# Records from a collection

★ ★ ★ ★

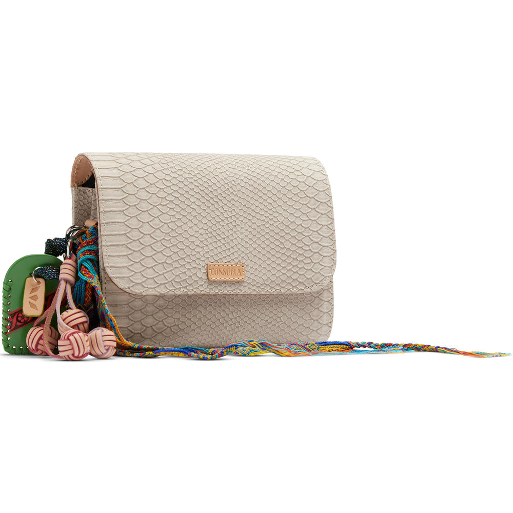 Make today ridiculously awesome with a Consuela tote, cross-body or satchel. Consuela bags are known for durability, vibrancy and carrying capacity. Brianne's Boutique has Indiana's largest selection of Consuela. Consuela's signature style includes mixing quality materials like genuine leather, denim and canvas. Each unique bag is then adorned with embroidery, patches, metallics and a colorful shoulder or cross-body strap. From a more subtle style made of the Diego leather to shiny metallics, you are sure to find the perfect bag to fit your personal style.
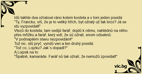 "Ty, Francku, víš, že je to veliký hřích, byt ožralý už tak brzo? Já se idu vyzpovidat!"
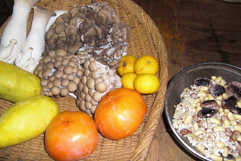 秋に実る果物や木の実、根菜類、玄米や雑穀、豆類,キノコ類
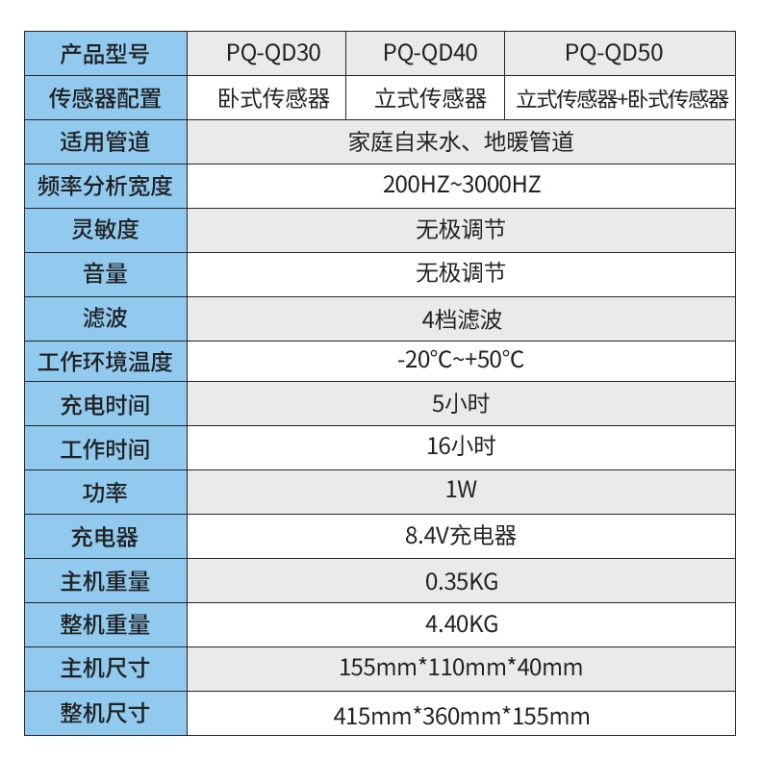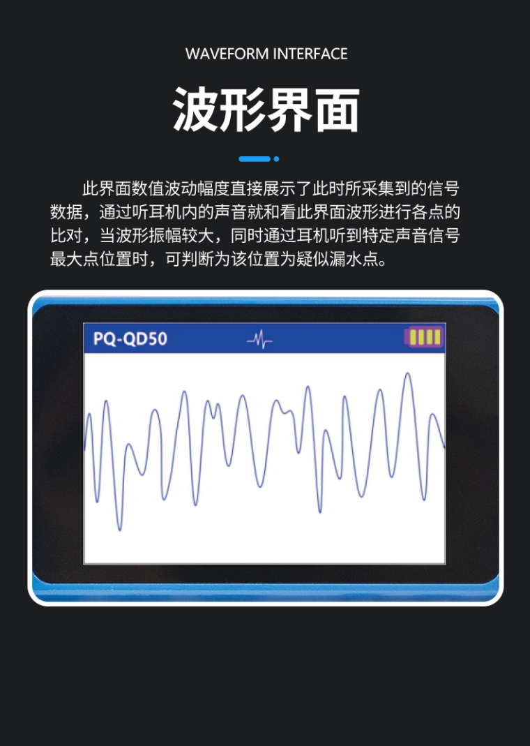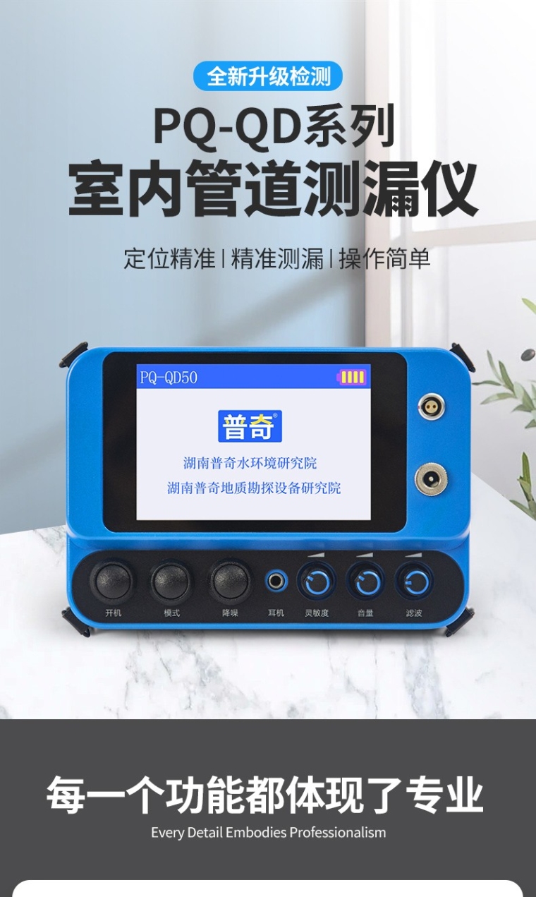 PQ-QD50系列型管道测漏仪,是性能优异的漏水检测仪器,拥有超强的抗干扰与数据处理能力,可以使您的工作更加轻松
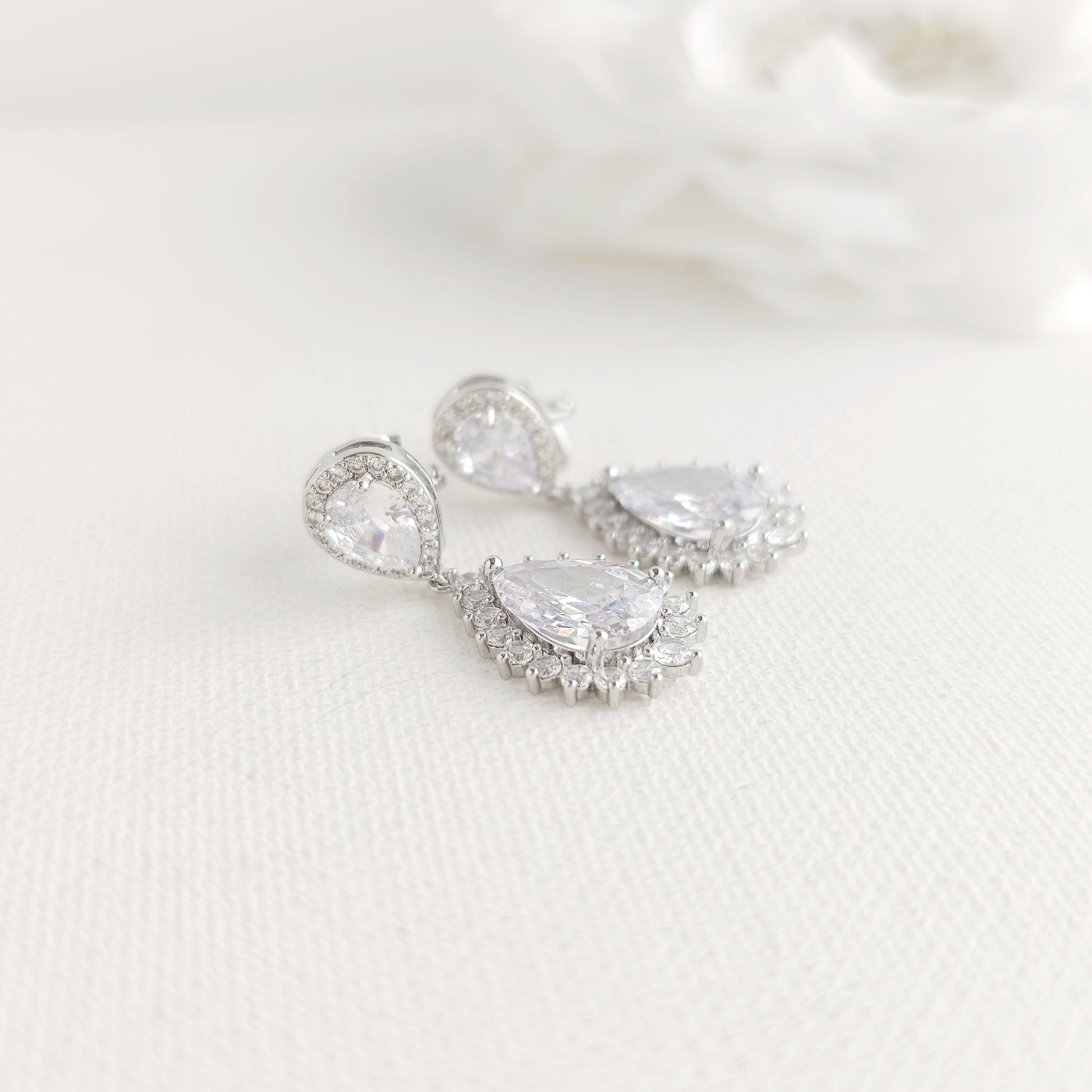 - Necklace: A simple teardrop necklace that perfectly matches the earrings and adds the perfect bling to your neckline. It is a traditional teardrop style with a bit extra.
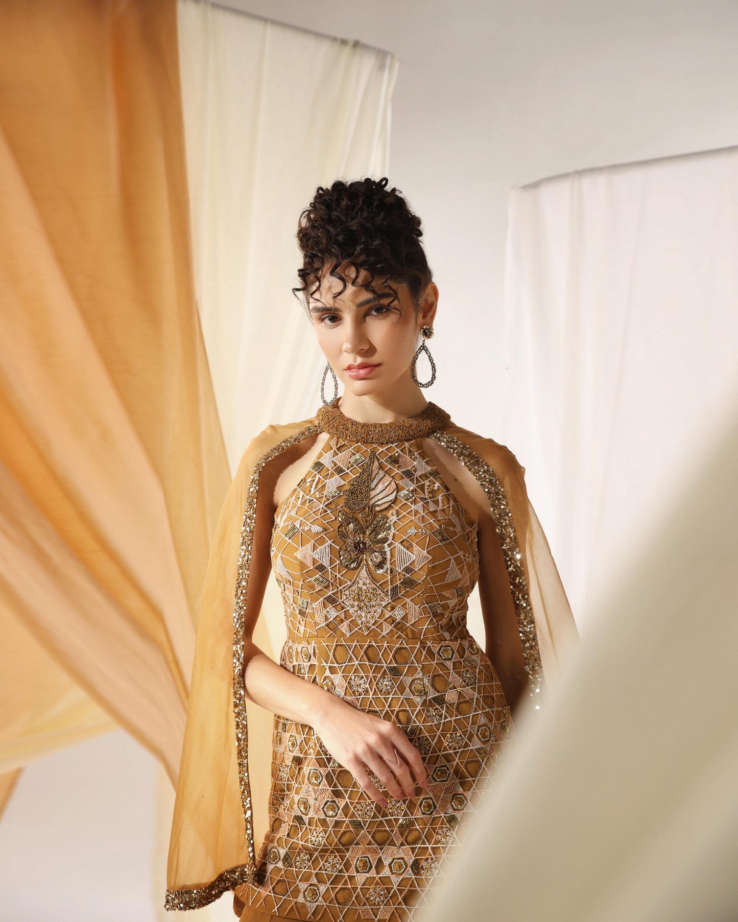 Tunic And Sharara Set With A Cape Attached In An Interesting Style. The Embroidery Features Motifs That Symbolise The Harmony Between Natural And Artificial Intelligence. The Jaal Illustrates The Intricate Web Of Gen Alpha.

★ ★ ★ ★

# Task prompt
Retype, exactly as written, each line from the one containing "秋に実る果物や木の実、根菜類、玄米や雑穀、豆類,キノコ類" through the end of the data above, and leave out every picture.

# Written answer
 秋に実る果物や木の実、根菜類、玄米や雑穀、豆類,キノコ類
 PQ-QD50系列型管道测漏仪,是性能优异的漏水检测仪器,拥有超强的抗干扰与数据处理能力,可以使您的工作更加轻松
 - Necklace: A simple teardrop necklace that perfectly matches the earrings and adds the perfect bling to your neckline. It is a traditional teardrop style with a bit extra.
 Tunic And Sharara Set With A Cape Attached In An Interesting Style. The Embroidery Features Motifs That Symbolise The Harmony Between Natural And Artificial Intelligence. The Jaal Illustrates The Intricate Web Of Gen Alpha.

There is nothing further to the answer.